Now note that for all $\sigma \in G$, $\sigma \in G(F/K(u))$ if and only if $\sigma(u)=u$. Thus, if we view $G$ as a subgroup of Perm$\{u_1,u_2,u_3,u_4\}\cong S_4$, we have that $G(F/K(u))=G \cap S_3$ where $S_3$ is the subgroup of Perm$\{u_1,u_2,u_3,u_4\}$ of all permutations that fix $u_4$.

Thus if $G=S_4$ or $G=A_4$, we have that $G(F/K(u))=S_4 \cap S_3=S_3$ or $G(F/K(u))=A_4\cap S_3=A_3$ respectively. From your lattice of subgroups, we can note that there are no proper subgroups between $S_3$ and $S_4$ and $A_3$ and $A_4$.

Now for the converse. Since $f$ is irreducible, $G$ is a transitive subgroup of $S_4$. The transitive subgroups of $S_4$ are $S_4$, $A_4$, the dihedral group $D_8$ and its conjugate, the Klien four group $V_4$ and $C_4$ and its conjugates (see here for more about transitive subgroups of $S_4$).

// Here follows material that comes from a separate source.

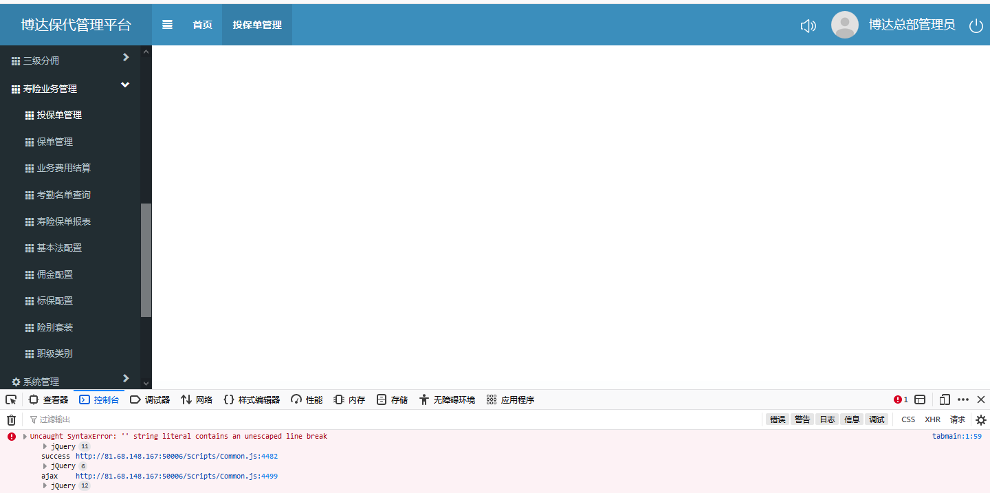 博达服务器,寿险业务管理→投保单管理,查询保单信息,提交保单,生成“已出单”状态,保单信息和缴费信息填好后,提交,页面空白报错详见附件

For each of these groups we can look at $G(F/K(u))=S_3 \cap G$. And note that when $G\neq S_4,A_4$, there exists a proper subgroup $S_3\cap G \subsetneq H \subsetneq G$. For example when $G=D_8$, $D_8 \cap S_3$ is the trivial subgroup and thus there are many such subgroups $H$.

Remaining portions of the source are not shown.